En Barequeo hemos tenido la semana más movida (no es un chiste) desde que salimos al aire en junio del año pasado. Desde el mismo día del terremoto sabíamos que sería importante aportar una mirada particular para nuestros lectores y se activó el piloto automático de esa parte de Adriana, Camilo y yo que reconoce que informar bien es un derecho de los ciudadanos y que además entiende que estamos construyendo memoria. Hemos hecho hasta ahora tres episodios de El Río Suena: el de Ómar Darío, otro con Gina Villalobos, experta en sismos y en sismo resistencia y otro con María Alejandra González, sobre el Centro Histórico.
Hemos construido además cinco galerías de fotos con las historias personales, los daños y las afectaciones a partir de la reportería que hicimos en El Cable, Milán, el Centro y los barrios El Carmen, San José y Chipre. Sabemos que estas nos serán útiles para no olvidar a esa Manizales que existió hasta el pasado 10 de agosto.
Pero además estamos muy conmovidos con la respuesta que ha tenido una iniciativa de democratización del relato que hemos llamado Sismo Resistentes y en la cual hemos publicado, hasta ahora, un poco más de 20 textos de ciudadanos comunes y corrientes que atendieron el llamado para que narráramos juntos las historias alrededor del terremoto.

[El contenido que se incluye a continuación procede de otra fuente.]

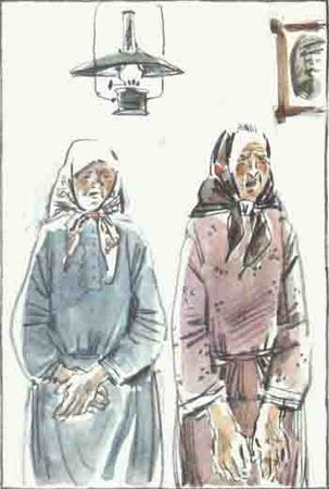 Дед Клава степенно прошёл перед стенкой старух и поклонился запевале, и та ответила поясным поклоном, торжественно и чинно.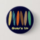 Botão riscado de pino das pranchas de surfe. A cor de fundo e o texto podem ser personalizados.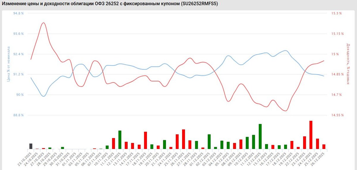- Процентный риск (риск роста ставок). Если ЦБ по какой-то причине резко повысит ставку, цена ОФЗ 26252 на вторичном рынке упадет. Для покупателя «до погашения» это не критично, но досрочная продажа будет убыточной.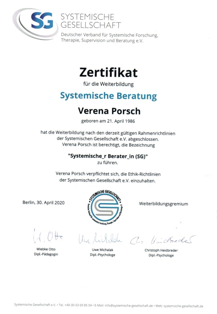 2018 – 2019 Ausbildung als systemische Beraterin (SG-zertifiziert) am Institut InterCultura | München (InCuM)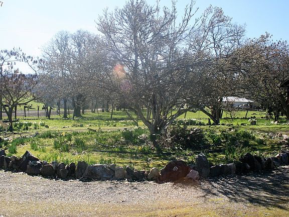 The Feel of County Living Right Here In Town! This spacious home is 3 bd/2-1.2 ba with family room & living room. Newer hot water heater & roof. Garage attached with built in storage. RV Pad with hookups. Covered Back Patio Area. 1.05 of an acre with views from every direction. Several fruit trees, a grape arbor, and lots of flowers just waiting for Springtime! 3 outbuilding for extra storage with one being a workshop. Dog Run area.

Tenemos un número aún más grande en cola, que iremos publicando de manera dosificada porque no queremos sobreinformar.
Allí hemos leído a la psiquiatra Mariana Aranda contando cómo reaccionaron sus hijos y su mamá durante el sismo, al fotógrafo documental Juan David Rivera, quien tomó unas fotos impresionantes justo después de lo ocurrido, al politólogo David Fernando Barrera Niño, que hizo un análisis estadístico que muestra que los más golpeados por el terremoto son las personas de más de 60 años, a la exviceministra de Defensa, Daniela Gómez Rivas, que vive esta catástrofe desde la distancia, a la venezolana de La Guaira Elieen Rada, que sufrió el terremoto de su país y el de Manizales; y a la artista y poeta Paloma Serna Castaño que le dedica un poema a Manizales, entre muchos otros. Vienen muchos más de estos textos y les extendemos también a ustedes esta invitación. Los cofundadores de Barequeo hemos encontrado en la escritura una forma terapéutica de atravesar el temblor.